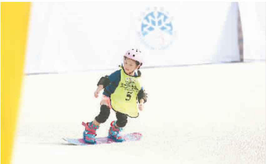
青少年组选手在北京奥森四季滑雪场上比赛。

2008年8月8日,中国人实现了百年奥运梦想。为了纪念北京奥运会成功举办,激发民众健身意识和热情,从2009年起,每年的8月8日被定为全民健身日。今年的8月8日是我国第10个全民健身日。近期,国家体育总局密集召开新闻发布会介绍我国在开展全民健身活动方面的成绩、问题,以及未来的规划。
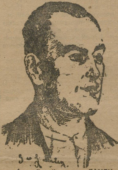
Английский делегат ЛАМЛИ.

низациях, требовать помощи и поддержки. На фронте детского коммунистического движения мы имеем ряд достижений. У нас создано теперь Центральное Бюро по детскому коммунистическому движению. Комсомол, в особенности партия, уделяют недостаточное внимание детскому коммунистическому движению. Методы работы по-
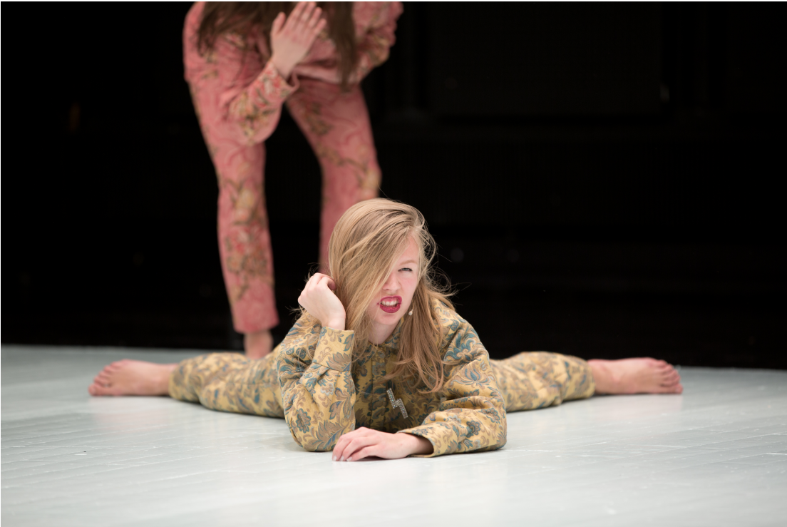
“Being evil” minä.

Kehoni rakensi itseään jokaisessa esityksessä uudella tavalla. Teoksen ruumiillisessa materiaalissa, joka perustui kehomme sytyttämiseen kasvojen kautta, oli niin paljon vapauksia ja mahdollisuuksia ilmetä, että en kokenut kehoni olevan velvollinen tuottamaan tietynlaista liikettä. Toisin sanoen teoksen sanoma ei ollut riippuvainen siitä, millaisen muodon kehoni ottaa liikkeessä eli olin teoksen sisällä aktiivisena toimijana ja vapautettu paineista tuottaa ”oikeanlaista” kehonkuvan muotoa. Teoksen tarjoama kehollinen maasto tarjosi minulle uudenlaisen käsityksen siitä, miten minä voin esiintyjänä teoksen sisältä käsin tarjota uudenlaisia naisenkehon esittämisen tapoja. En ollut tietoinen enää siitä, miltä kehoni näyttää tai miltä sen tulisi näyttää. Sammutin ulkoisen miellyttäjän itsestäni ja kiinnostuin sen sijaan itseni viihdyttämisestä esityksen kontekstissa.
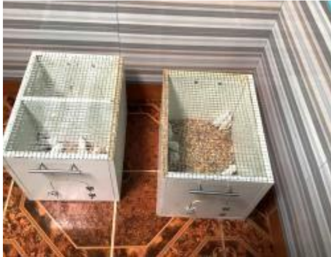
Fotografía N° 13: Proceso de selección y aclimatación de los especímenes de investigación en grupos de seis
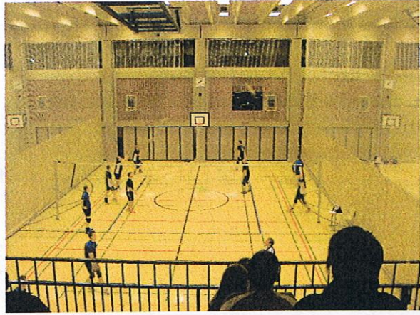
Kuvassa finaalijoukkueet lämmittelemässä ennen ottelun alkua. Äijät takakentällä.

11.3. pelattu ottelu oli ajoittain täysin Äijien ylivoimaa, mutta viimeisessä erässä haastaja Sählärit vänsi joukkueensa sitkeästi mukaan mestaruustaistoon ja vei voiton pienimmällä mahdollisella erolla. Se olikin Äijien ainoa häviö koko kauden otteluissa. Mestaruuden uusiminen oli kutkuttavan lähellä, mutta ei se hopeakaan häpeä ole!

» **Instructions to follow**
In the entries above, find the line containing "Fotografía N° 13: Proceso"; transcribe exactly that line and every line after it through the end, and only those, omitting pictures.

» **Answer section**
Fotografía N° 13: Proceso de selección y aclimatación de los especímenes de investigación en grupos de seis
Kuvassa finaalijoukkueet lämmittelemässä ennen ottelun alkua. Äijät takakentällä.

11.3. pelattu ottelu oli ajoittain täysin Äijien ylivoimaa, mutta viimeisessä erässä haastaja Sählärit vänsi joukkueensa sitkeästi mukaan mestaruustaistoon ja vei voiton pienimmällä mahdollisella erolla. Se olikin Äijien ainoa häviö koko kauden otteluissa. Mestaruuden uusiminen oli kutkuttavan lähellä, mutta ei se hopeakaan häpeä ole!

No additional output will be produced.